天启三年(公元1623年)瞿式耜丁忧回乡守制,专心整理其父撰写的《皇明臣略》和《兵略纂闻》两部遗著。待到他重新出仕,已经物是人非。因触忤了礼部尚书温体仁,被罢归常熟。
崇祯六年(公元1633年),温体仁入阁任首辅,为置瞿式耜于死地,温体仁指使手下凭空罗织五十六条罪状诬陷上瞿式耜是钱谦益的同党,“侵国帑,谤朝廷,危社稷”。
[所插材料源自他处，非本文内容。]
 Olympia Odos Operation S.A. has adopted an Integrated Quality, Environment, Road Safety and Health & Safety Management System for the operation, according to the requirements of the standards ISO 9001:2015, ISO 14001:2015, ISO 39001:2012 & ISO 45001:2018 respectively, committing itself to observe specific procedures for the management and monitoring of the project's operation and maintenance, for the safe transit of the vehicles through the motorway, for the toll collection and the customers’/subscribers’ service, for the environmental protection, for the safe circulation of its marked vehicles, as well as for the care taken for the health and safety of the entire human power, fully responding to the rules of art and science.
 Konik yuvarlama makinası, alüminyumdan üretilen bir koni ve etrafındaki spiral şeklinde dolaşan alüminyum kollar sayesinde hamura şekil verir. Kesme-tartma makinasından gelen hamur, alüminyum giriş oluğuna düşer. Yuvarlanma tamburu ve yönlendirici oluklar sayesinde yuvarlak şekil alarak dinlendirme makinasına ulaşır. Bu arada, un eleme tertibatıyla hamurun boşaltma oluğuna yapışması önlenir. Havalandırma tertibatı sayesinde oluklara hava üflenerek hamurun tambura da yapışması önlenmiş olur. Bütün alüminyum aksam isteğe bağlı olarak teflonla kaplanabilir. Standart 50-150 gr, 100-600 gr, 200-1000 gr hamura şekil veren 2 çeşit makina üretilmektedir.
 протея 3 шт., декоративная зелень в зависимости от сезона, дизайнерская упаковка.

瞿式耜因此被扭解到京治罪下狱,直到崇祯十年温体仁下台才得出狱回乡。
此后,虽许多言官请允瞿式耜入朝任职,但温体仁的党羽周延儒在朝掌权,屡请不纳。
直到甲申年(公元1644年)弘光在南京称帝,瞿式耜才得授为应天府丞,不久擢为右佥都御史,巡抚广西。
然而,瞿式耜才抵达梧州,弘光朝已经败灭。
当时的瞿式耜,最先闪现的念头就是立桂王朱常瀛的第三子安仁王朱由楥为帝。他在给友人的信件中说:“小弟的心意片刻不离神宗的孙子桂王。”
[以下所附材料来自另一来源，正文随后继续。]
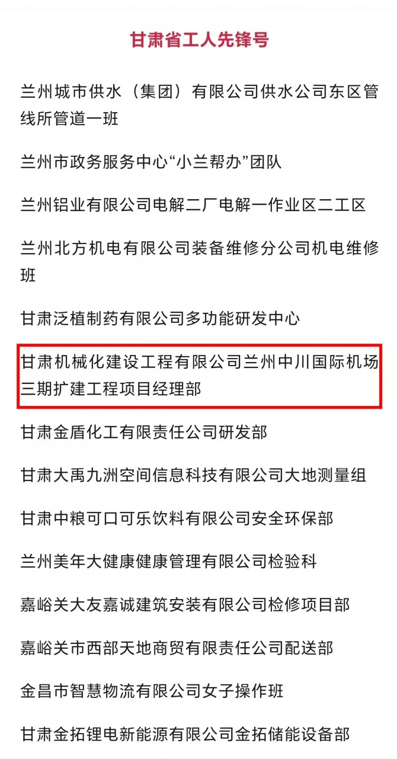 近日,甘肅省總工會(huì)發(fā)布了2024年甘肅省“五一勞動(dòng)獎(jiǎng)和甘肅省工人先鋒號(hào)”擬表彰對(duì)象的公示。我司蘭州中川國(guó)際機(jī)場(chǎng)三期擴(kuò)建工程項(xiàng)目經(jīng)理部被授予“甘肅省工人先鋒號(hào)”,該獎(jiǎng)的獲得既是對(duì)項(xiàng)目團(tuán)隊(duì)長(zhǎng)期拼搏奮斗的肯定,也是對(duì)公司“和諧共進(jìn)、追求卓越”企業(yè)精神的肯定。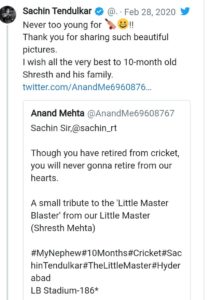 ଟ୍ଵିଟରରେ ଆନନ୍ଦ ମେହେତା ନାମକ ଜଣେ ବ୍ୟକ୍ତି ତାଙ୍କ ୧୦ ମାସର ଭଣଜାର କିଛି ଫଟୋ ସେୟାର କରି ସଚିନ୍‌ଙ୍କୁ ଟ୍ୟାଗ୍‌ କରିଥିଲେ। ଏହି ଫଟୋରେ ୧୦ ମାସର କୁନି ଶ୍ରେଷ୍ଠ ଟିମ୍‌ ଇଣ୍ଡିଆର ନୀଳ ଜର୍ସି ପିନ୍ଧିଛି, ଯାହା ପଛରେ ୧୦ ଓ ଉପରେ ତେନ୍ଦୁଲକର ଲେଖାଯାଇଛି। ଶ୍ରେଷ୍ଠ ଏହି ଫଟୋରେ ପଡ଼ିଆରେ ବସି ବ୍ୟାଟ୍‌ ଧରିଥିବା ଦେଖାଯାଇଛି। ସବୁଠାରୁ ଆଶ୍ଚର୍ଯ୍ୟ କଥା ହେଉଛି ଆନନ୍ଦଙ୍କ ଏହି ପୋଷ୍ଟ ସଚିନ ତେନ୍ଦୁଲକରଙ୍କୁ ଖୁବ ପସନ୍ଦ ଆସିଥଲା ଓ ସେ ଏହାର ରିପ୍ଲାଏ ମଧ୍ୟ ଦେଇଛନ୍ତି।

可是,他刚到广西,话语权还不是很大,黄道周等人又已奉唐王朱聿键在福州监国,此事只好作罢。
但瞿式耜始终认为唐王世系太远,伦序不当立,拒绝奉表劝进。
瞿式耜的表现,让一个人异常高兴。
这个人,即为分封于广西桂林的靖江王朱亨嘉。
朱亨嘉并不属于明太祖朱元璋的后代。
朱亨嘉的祖上,乃是朱元璋的侄儿朱文正。
朱文正有过造反行为,事泄,被朱元璋囚死。
朱元璋虽然处死了朱文正,但念及其有开国之功,并未赶尽杀绝,封朱文正仅七岁的儿子朱守谦为靖江王。
朱亨嘉属于第十四代靖江王。
在这大明山河破碎之际,朱亨嘉又萌生了类似于先祖朱文正谋取大位的野心。
弘光元年(顺治二年,公元1645年)五月,清军占领南京,弘光帝被俘,七月间消息传到广西,朱亨嘉便有了自立为主的心思。
朱亨嘉对左右亲信孙金鼎等人强词夺理地说:“现在天下无主,想当年,我祖上不愿就封到广西荒芜瘴厉之地,马皇后再三劝慰,以东宫太子规格的仪卫相赐,如今太子朱慈烺不知下落,那我岂不就俨然为东宫太子了?!太子监国乃是祖宗成例,我当作监国,有什么不可以的?!”
在广西总兵杨国威、桂林府推官顾奕等人拥戴下,八月初三日,朱亨嘉身穿黄袍,南面而坐,自称监国,纪年用洪武二百八十七年,改广西省会桂林为西京。
为了扩大影响,争取多方支持,朱亨嘉还派使者前往湖南、贵州等地颁诏授官,檄调柳州、庆远、左江、右江四十五洞“土狼标勇”,以增加自身兵力。
考虑到广西土地贫瘠、文化落后,兵马钱粮件件有限,难以为守,朱亨嘉提师广东,拟到肇庆会同两广商议而行,以观天下形势,以为保守之资。
他命杨国威留守桂林,自己带领兵马御驾亲征,由水路出平乐、梧州。
朱亨嘉听说瞿式耜不肯向隆武帝奉表劝进,以为瞿式耜是不认同隆武帝的人品,便许以官爵,刻意拉拢瞿式耜。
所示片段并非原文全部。